I refuse to believe this is entirely all down to me. Perhaps I wasn't perfect, but I will not take all the blame for the destruction of the family I once had. It was already shattering when I was the age of 2. What is wrong with everyone? Why do people hear what they want to hear and stab the people they used to love so much right in the back? It's the same with everything in this life? People have such demand and high expectations of what they want in life and if it isn't achieved then clearly there is a malfunction with the people around them. Clearly those people need to be wiped out of their lives just so they feel like they now have some sort of chance of achieving their egotistical dreams...

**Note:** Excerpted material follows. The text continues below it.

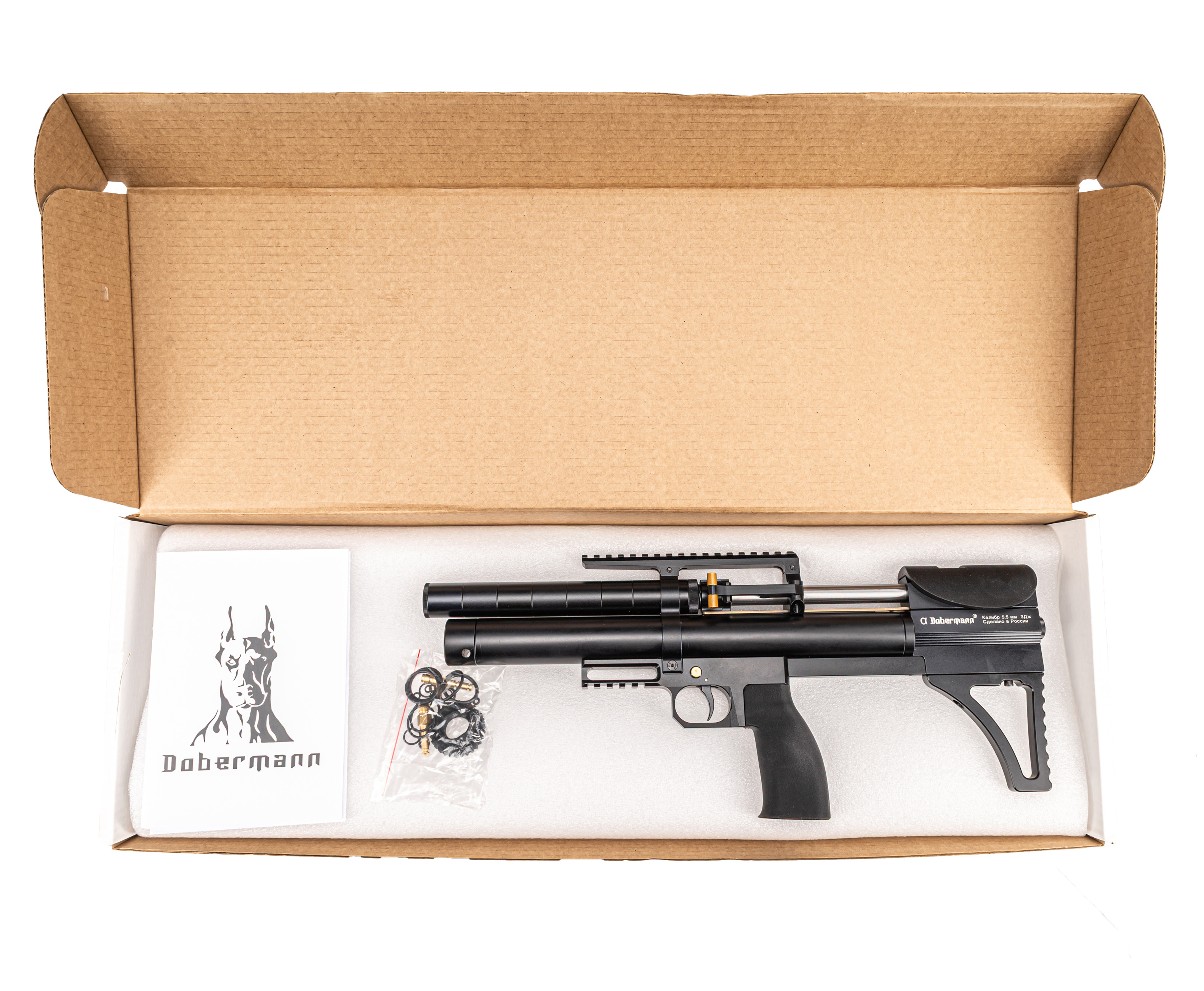 Рассматриваемая модель Dobermann обладает мощностью, не превышающей показатель 3 Джоуля, благодаря этому ее можно использовать без необходимости оформления лицензии. После некоторых модификаций, изделие способно разогнать снаряд до скорости в 250 метров в секунду. Такие показатели позволяют совершать результативные выстрелы на дальние дистанции.

Can't anyone see the bigger picture even when making the tiniest of life choices? Who cares if you don't have the latest technical gadget? Who the hell cares how big your flipping tv is?? and what does it matter what brand clothing you are wearing? What is with the competition? the pressure? The snide remarks and comments.
I would love to have the nicest things in life, sure I would, but never at the expence of losing the people I love.
My parents think I am selfish, unkind and unambitious, lazy even. And to a certain extent, perhaps I can hold my hands up and admit to some of that. But to cut me out from what, 2007/2008? and then claim to KNOW me and what I think is a bit of a p*ss take. What kind of father cuts out his daughter from his life after bringing her up for 18 years? What kind of sick twisted individual refuses to watch his only grandchild grow up just because he thought the whole idea of his daughter having a child was a mistake??
I feel mixed emotions about all of this. Anger. Sadness. Frustration. Hopeless...
I have a mother who wants to know me one minute and then shuts me out the next. A mother who gets married and doesnt tell her two children until months after.
I am ashamed at how my parents act around people they see every day. The act. The sharade. The bravado. 'Oh well, you did your best with her, thats all you could do' must be a popular line in their ears.
I may not be making my millions just yet, I may not have acquired my parents snobbery. But I still have intact my dignity, my own ambition, my own family and most of all, my life. Mine.